Families sometimes think they make too much to qualify for need-based aid, West said. But eligibility can differ by university and change from year to year, depending on the number of children enrolled.
Some colleges also require the PROFILE, administered by the College Scholarship Service, to determine how they will award institutional financial aid.
PROFILE takes a deeper look at a family’s finances. While FAFSA doesn’t include a family’s retirement accounts or home value, PROFILE does.
West recommends listing a realistic value for your home — what you would expect to get in a quick 30-day sale.
And because a student’s assets will factor into aid awards, it makes sense to use those funds to buy a computer and other college necessities before filing either the FAFSA or
PROFILE forms, he said.
Start planning early
Part of the problem is that “colleges let you in and then tell you how much it’s going to cost,” West said.
The worst time to decide how much to borrow is after the acceptance letter is received, but that’s what many families do, he said.
“They don’t figure out how much they can afford to borrow. They just borrow what they need to borrow,” he said, with long-term repercussions for the family’s finances.
“Money shouldn’t be the sole determinant, but the truth is, for many families it is a very important factor,” he said.

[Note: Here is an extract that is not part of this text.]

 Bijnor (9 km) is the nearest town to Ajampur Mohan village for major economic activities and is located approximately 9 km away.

West recommends beginning to narrow the “college universe” based on affordability in the 10th or 11th grade with the help of the U.S. Department of Education’s FAFSA4caster, which gives an early estimate of eligibility for aid, and with the net-price calculators that schools must post on their websites.
Fafsa4caster.ed.gov, the DOE tool, will help determine whether students are eligible for aid that does not have to be repaid, such as Pell Grants, as well as the families’ expected contribution, and whether they qualify for subsidized or unsubsidized federal loans.

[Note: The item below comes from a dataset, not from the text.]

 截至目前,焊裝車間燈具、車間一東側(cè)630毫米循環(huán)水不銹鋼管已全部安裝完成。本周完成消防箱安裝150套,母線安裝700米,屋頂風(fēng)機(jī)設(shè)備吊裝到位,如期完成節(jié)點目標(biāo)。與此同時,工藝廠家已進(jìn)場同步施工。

That information can then be applied to colleges’ net-price calculators.
The best of these calculators incorporate the college’s resources, philosophy about aid, government grants, and possible merit scholarships all into one summary, West said.
But be aware: The calculators are also marketing tools, because higher education is a business, too, he said. “It’s not all warm fuzzies and ivy-covered walls.”

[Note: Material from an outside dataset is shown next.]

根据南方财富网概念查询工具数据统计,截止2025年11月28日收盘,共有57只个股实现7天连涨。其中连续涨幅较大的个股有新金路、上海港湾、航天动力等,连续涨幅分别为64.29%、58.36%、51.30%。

Parents often think their bright teen will coast through with merit aid, but that’s unlikely. West describes merit aid as a pot of money that colleges use as an inducement to enroll the most desirable students.
“They want to give you just what it takes to get you to attend, but not more than that,” he said.
Information on financial aid programs — based on need, merit, both or neither — can be found on the website of the State Council of Higher Education for Virginia (www.schev.edu).
For example, a Virginia resident attending a private, nonprofit college or university in the state is eligible for a taxpayer-funded Virginia Tuition Assistance Grant that is not based on need or merit. (Religious training degrees are excluded.)
The annual amount, which was $3,100 this academic year for undergraduates, varies depending on how much is appropriated by the General Assembly and the number of students who apply. Graduate students are eligible for a $1,550 award but only for certain health-related fields.
Students earning associate degrees at a two-year public institution may qualify for a transfer grant to a public or private four-year institution in the state based on need and merit.
The grant is up to $1,000, with an additional $1,000 for students pursuing degrees in science, teaching, engineering, math and nursing. The award is annual but contingent on maintaining grades and other criteria for renewal.
While those programs aid Virginians attending in-state schools, students heading out-of-state might get help through the Academic Common Market.
Virginia is one of 16 states participating in the program that allows students to pay in-state tuition rates at out-of-state public institutions provided they are studying certain programs not available in their home state.
So if you want to study aerospace administration at Oklahoma State University, this program might work for you.